Content starts

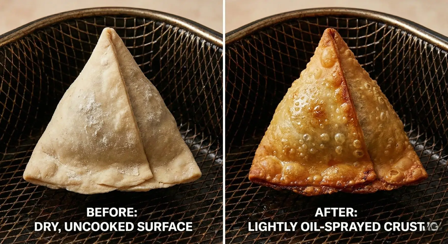 Split-screen of a dry pale samosa versus a golden-brown oiled samosa, demonstrating the Maillard reaction in an air fryer.
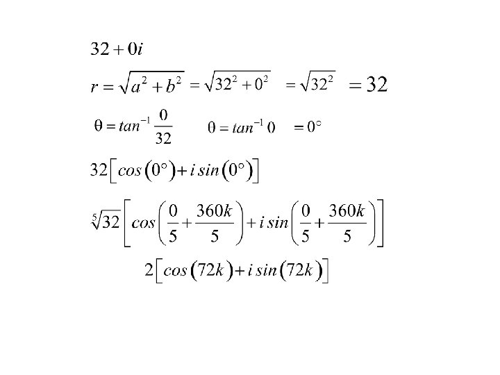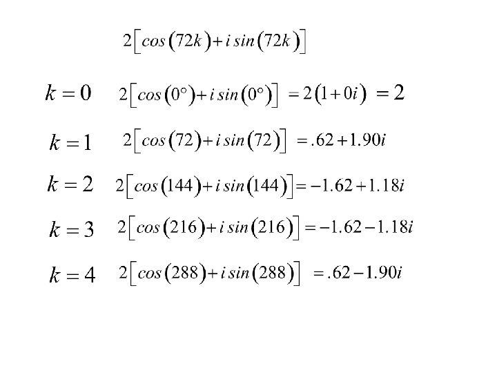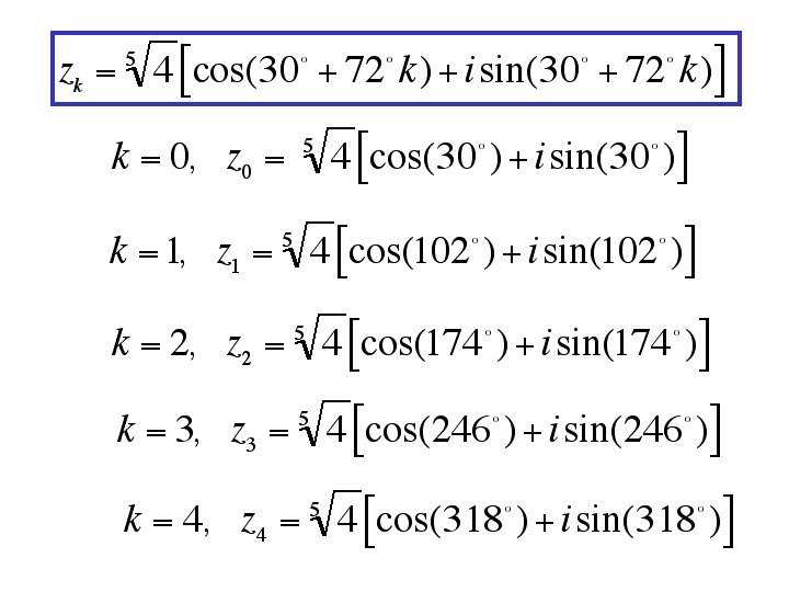 Find the complex fifth roots of The five complex roots are: for k = 0, 1, 2, 3, 4.
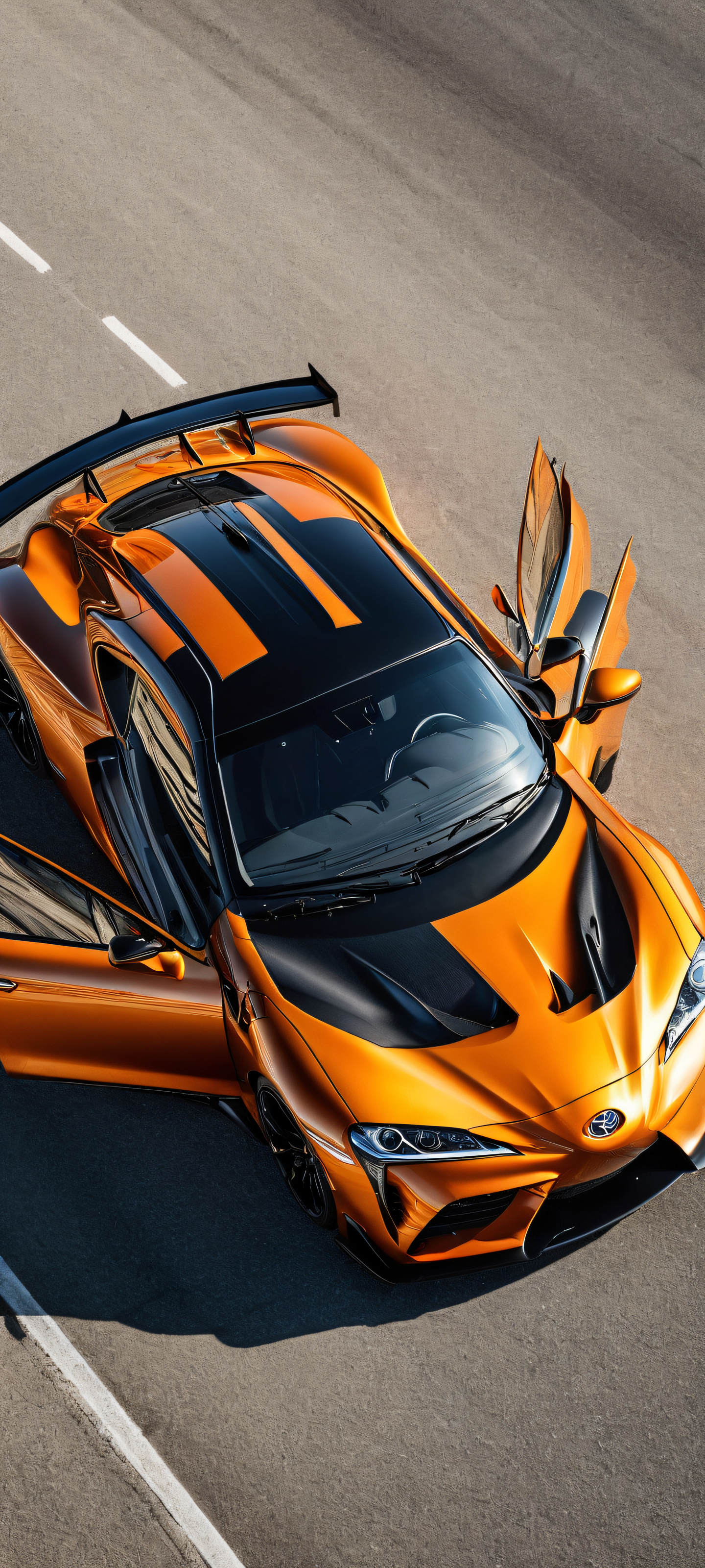 A breathtaking vertical portrait artwork of Toyota GR010 Hybrid placed in the lower-middle, intricate micro-details showcasing its sleek design and futuristic features, A perfectly clean and empty top half with vast pure void, allowing for a stunning visual contrast between the background and the foreground, Award-winning digital art, pristine clarity, with a focus on hyper-realism to emphasize the car’s speed and agility, Ethereal lighting with radiant highlights, soft shadows, and a touch of warmth to evoke a sense of excitement and energy, #FFC080 #F7D2C4 #8B9467 (Warm orange-yellow tones with hints of cool grey, evoking the sensation of speed and movement), ethereal lighting, radiant, brilliant colors, ray traced reflections, pristine clarity, portrait composition, centered subject in the lower middle, perfectly clean and smooth top half for UI, extreme depth of field blurred background, highly textured surfaces, intricate micro-details, physically based rendering, award-winning digital art, epic breathtaking scale, stunning visual impact, perfect composition, macOS wallpaper aesthetic, masterpiece, 2K QHD resolution, 9:20 aspect ratio.

Content ends

Please, without any of the pictures, set down exactly the lines from the beginning of the listing to the line that contains "Find the complex", inclusive.

 Split-screen of a dry pale samosa versus a golden-brown oiled samosa, demonstrating the Maillard reaction in an air fryer.
 Find the complex fifth roots of The five complex roots are: for k = 0, 1, 2, 3, 4.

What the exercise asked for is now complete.